GitLab Geo is available ... GitLab Geo is enabled ... yes This machine's Geo node name matches a database record ... yes, found a primary node named "gitlab-ee-van" HTTP/HTTPS repository cloning is enabled ... yes Machine clock is synchronized ... Exception: Timeout::Error Git user has default SSH configuration? ... yes OpenSSH configured to use AuthorizedKeysCommand ... skipped Reason: Cannot access OpenSSH configuration file Try fixing it: This is expected if you are using SELinux.
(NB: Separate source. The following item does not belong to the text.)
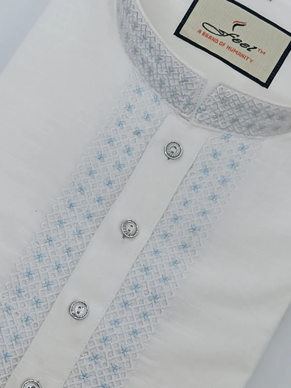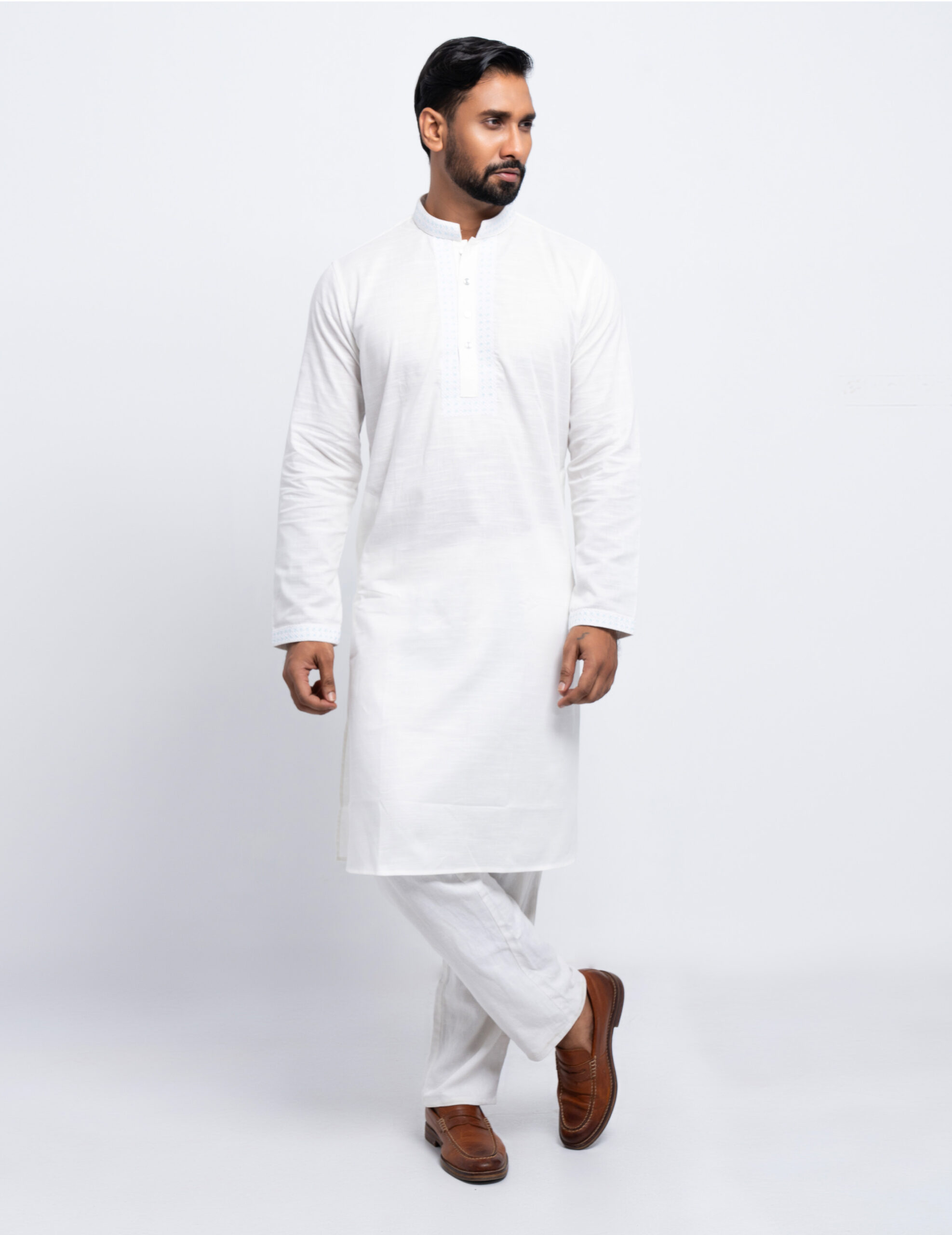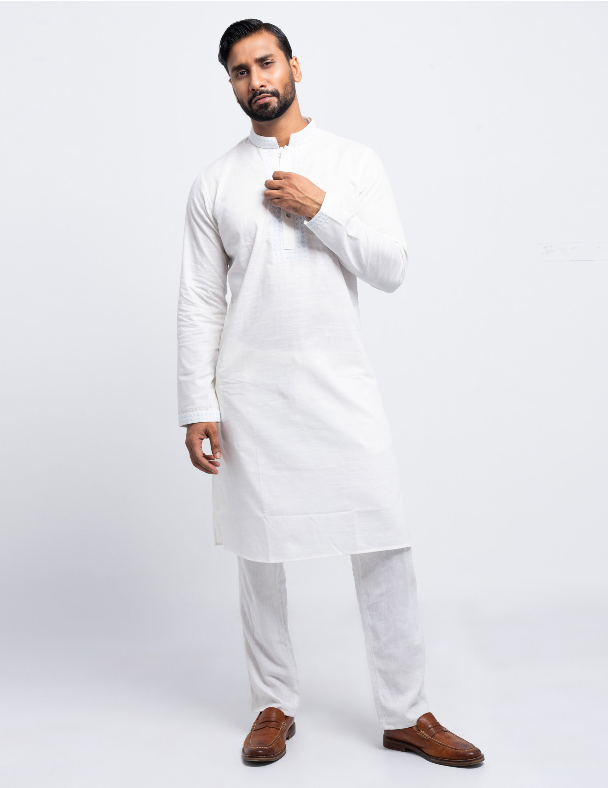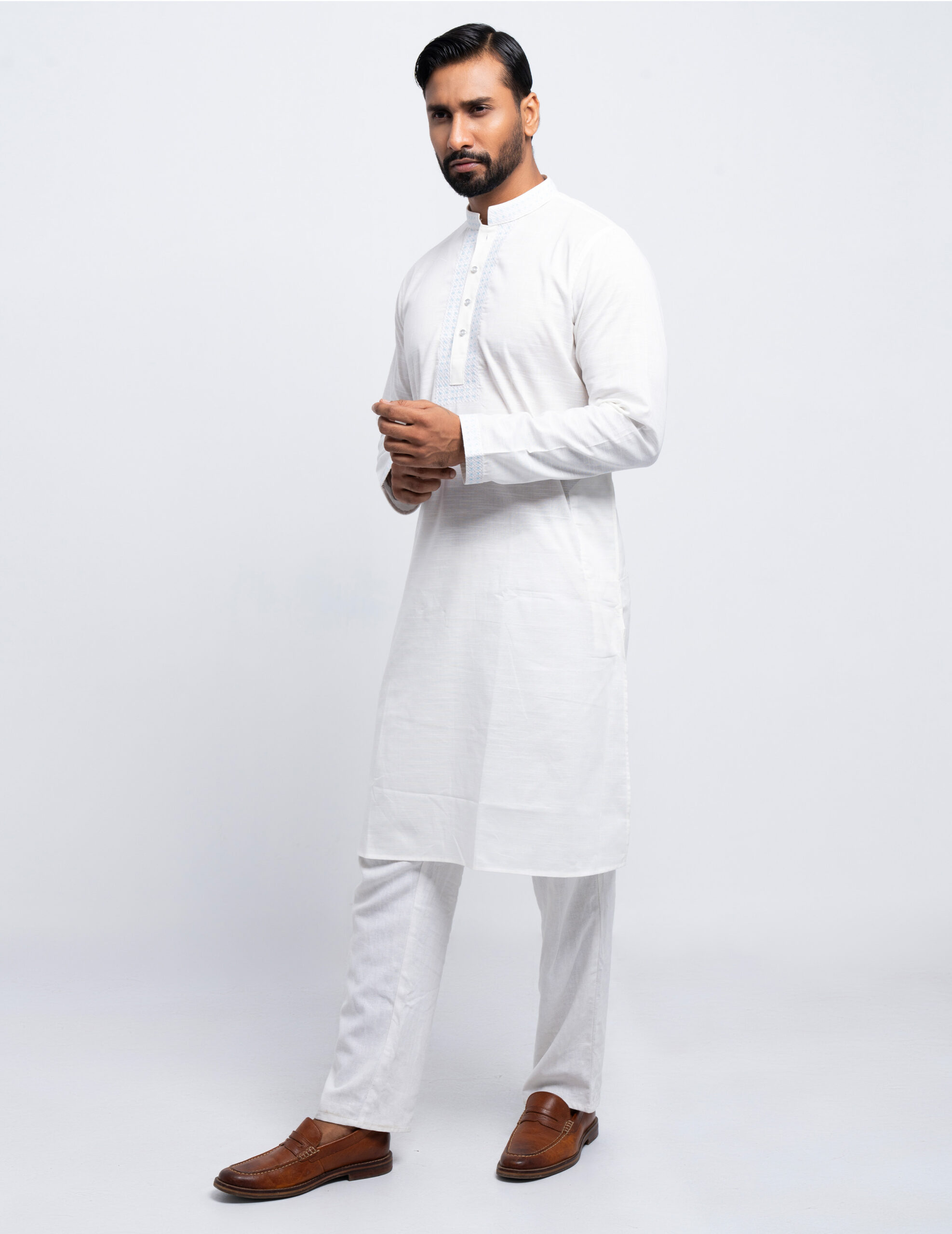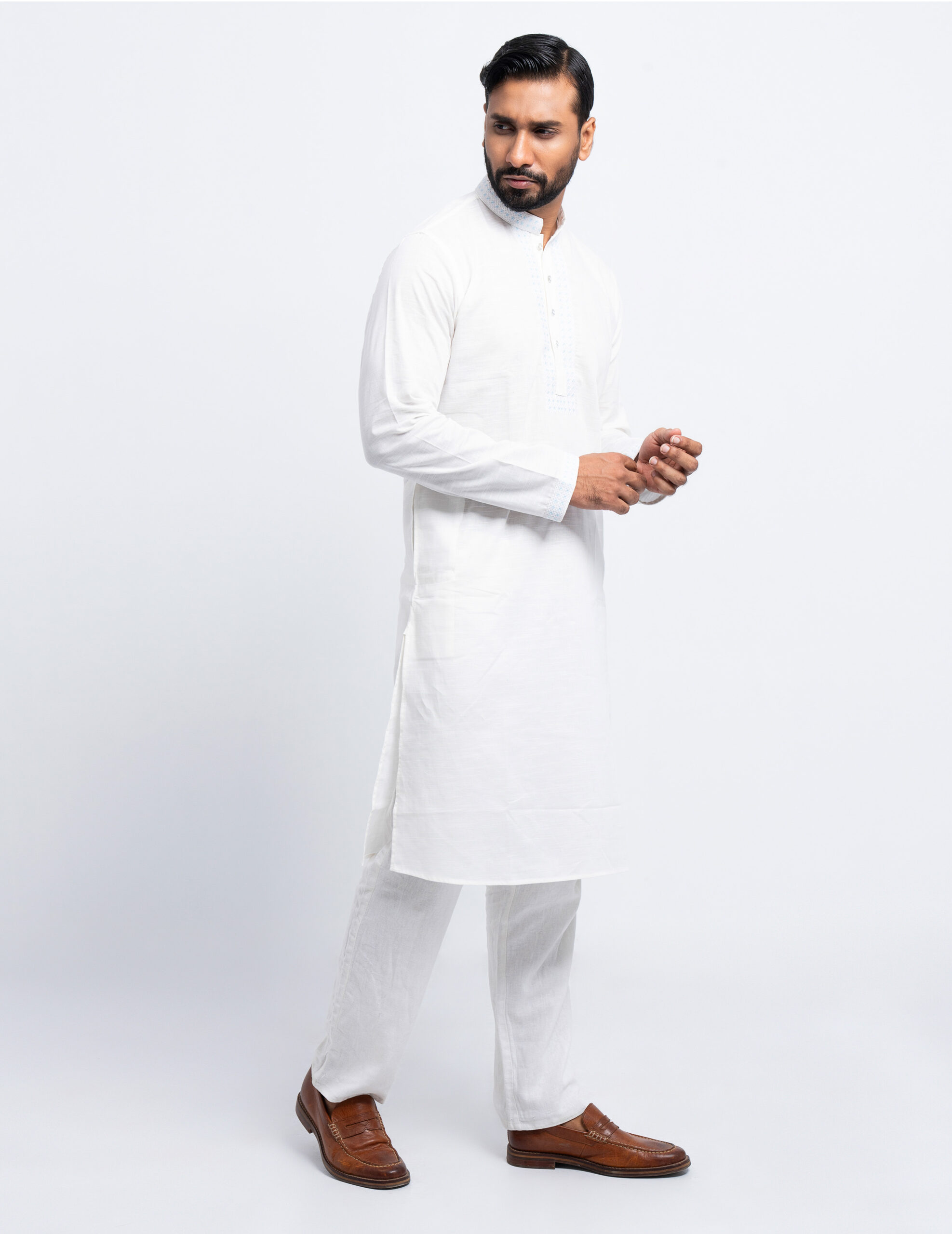 Luxury Panjabi – White SlubLuxury Panjabi – White Slub

You may want to check configuration manually For more information see: doc/administration/operations/fast_ssh_key_lookup.md GitLab configured to disable writing to authorized_keys file ... yes GitLab configured to store new projects in hashed storage? ... yes All projects are in hashed storage? ... yes
Checking Geo ... Finished
Checking GitLab subtasks ... Finished
Possible fixes
In my case, I worked around the issue by increasing the postgres idle_in_transaction_session_timeout
for the gitlab
user to five minutes:
ALTER USER gitlab SET idle_in_transaction_session_timeout TO 300000;
This could theoretically be solved by one of the following:
- Increase the given timeout for the current pgsql session:
SET idle_in_transaction_session_timeout TO '3000';
; difficult to know what to set it to; - Don't open the connection/start the transaction until after the file is copied; or
- Reconnect if the pgsql connection gets disconnected.